Oh really?  I met him a good few years ago at his old Dublin home. I was asked to deliver something and then have photos taken with him for the boss. I didnt like him at all, found him to be very cold and just wanted me to go. He didnt want to talk and even criticised the person taking pictures. 

I met Angelina Jolie a couple of years ago and I thought I had died and gone to heaven. I shook her hand and swore I would never wash that hand again. My phone decided to die on me, so I couldnt take a picture. I met Colin Farrell too and he was very nice, he even asked me how I was doing. I thought that was so funny. 

I met Roy Keane in Dublin airport. He was playing for Man Utd at the time. I was wearing a lovely red Liverpool jersey and asked him to get in a photo with me. The smell of drink off him nearly knocked me out and we had a good laugh about the Man Utd/Liverpool rivalry. 

I met Robbie Keane in the toilet of a Dublin nightclub years ago, lets just say we didnt shake hands  Nice bloke, chatted away for a few mins. 

Bumped into Rafa Benitez a couple of days before the 2007 Champions League final. He seemed to be under pressure but still stopped for photos and talked about the match. Absolute gentleman!


----------



## Purple (11 Dec 2011)

I saw Ronan Keating a few years back in an airport in England (I can’t remember which one). He looked absolutely exhausted and was holding himself up leaning against a wall. Some girls saw him and went over to say hello. He picked himself up, smiled and took the time to chat and have photo’s taken. When the girls left he slumped against the wall again. I was really taken aback by how nice and how professional he was.

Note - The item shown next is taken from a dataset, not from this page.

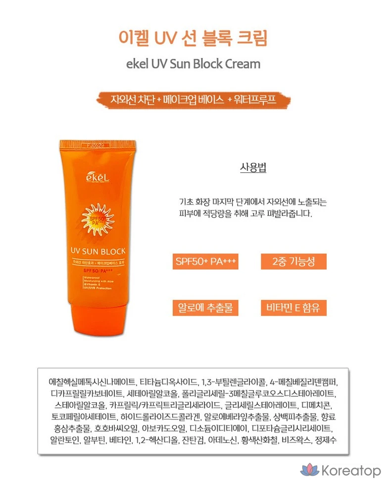 Водостойкая основа под макияж Ekel UV Sun Block Cream, 70 мл, 770515, 1 шт.

I met Garth Brooks in Eddie Rockets in Donnybrook one night. He was on his way back from a concert and an appearance on the Late Late show and his son wanted an American burger so the coach driver brought them there. They were inside when we got there and once they had eaten he spent ten minutes signing autographs and chatting to people. When he left one man ran out after him to get an autograph for his young daughter who was still inside as she was too shy to ask for it when Brooks was there. He went back inside, and spent a couple of minutes talking to the kid. I thought it was a really nice and gracious thing to do.

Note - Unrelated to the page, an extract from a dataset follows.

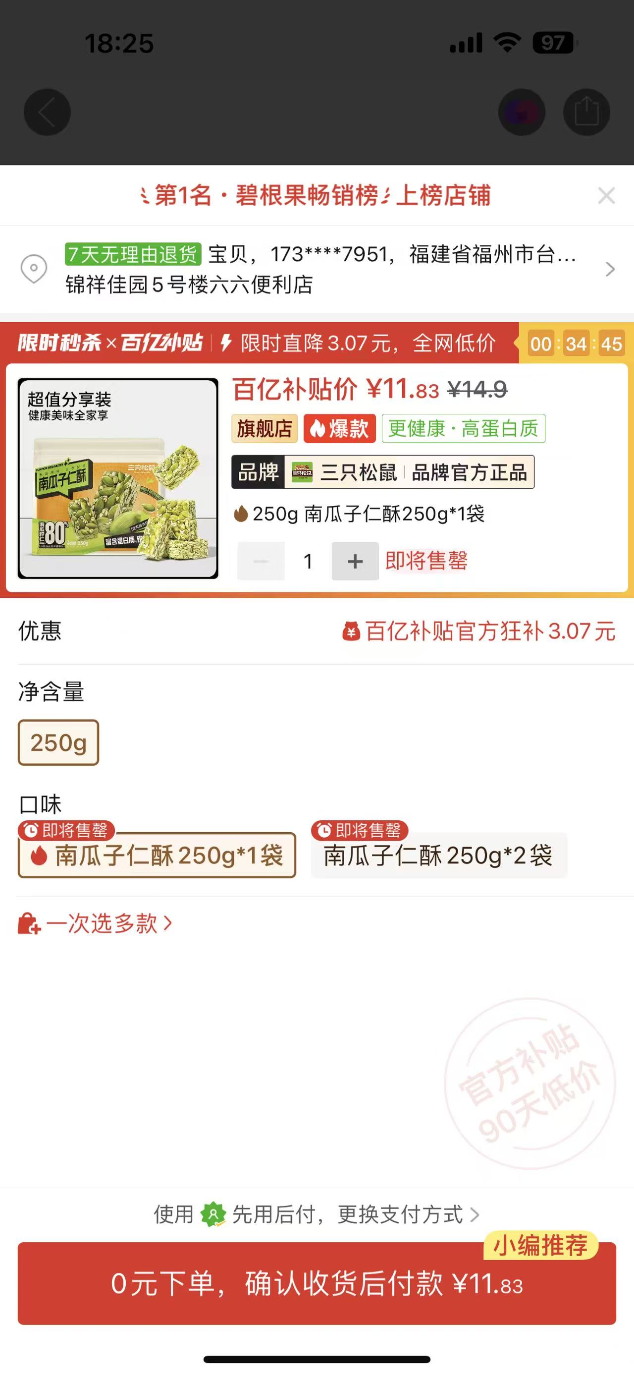 三隻松鼠南瓜子仁酥:https://mobile.yangkeduo.com/goods2.html?ps=g3QLIwUQii

I also had dinner with President McAleese and Martin McAleese one time. They were both very nice and very impressive people.

A friend worked on a project with Amy Huberman a few years back. She (my friend) was very impressed with Huberman, said she was a very clever lady and was very professional and hard working.


----------



## Betsy Og (12 Dec 2011)

John Aldridge in Rasher Geraghty's about 13 years ago - just went over and thanked him for his services to the nation - v. rarely do I see celebs but I generally leave them alone & if I hadnt anything nice to say I definitely wouldnt bother them.

Came across Gaybo once, again yonks ago, walking around Howth head, gorgeous day, no-one within miles, going  opposite directions so saw someone  coming a long way of. Didnt want to eyeball this person, so at the last second just said how'reya, he gave I nod, I then spotted who it was so I stopped and said, Oh, how'reya Gay....... but he just walked on...... Havent been his biggest fan since, more for his general condescending tone on TV/radio than that innocuous encounter.


----------



## PaddyW (13 Dec 2011)

Would agree with micmclo re Mick McCarthy. When I was younger and used to caddy, I was out in a group with him and he was sound. Not afraid to abuse himself either when he left putts short!

I've caddied for Mike Mills from R.E.M. and he was really down to earth. Chatted with me the whole way round and posed for a photo with me after, no problems. He even sent me a limited edition cd a number of months after our encounter!

Nicky from Westlife I've met twice and both times he was very chatty and came across well.

Came across a lot of golfing celebrities too. Tiger Woods was very off hand with everyone, just breezed pass and didn't really acknowledge anyone. 
Payne Stewart was a character and a gent on top.
Tom Watson is just a gentleman, very outgoing and not afraid to talk to anyone.

Can't think of anymore at the moment but will post again if I do!


----------



## Mpsox (13 Dec 2011)

Roy Keane, saw him sitting at Dublin Airport one afternoon having a pint and quite happily signing authographs for anyone that asked. Very polite and nice and couldn't fault him.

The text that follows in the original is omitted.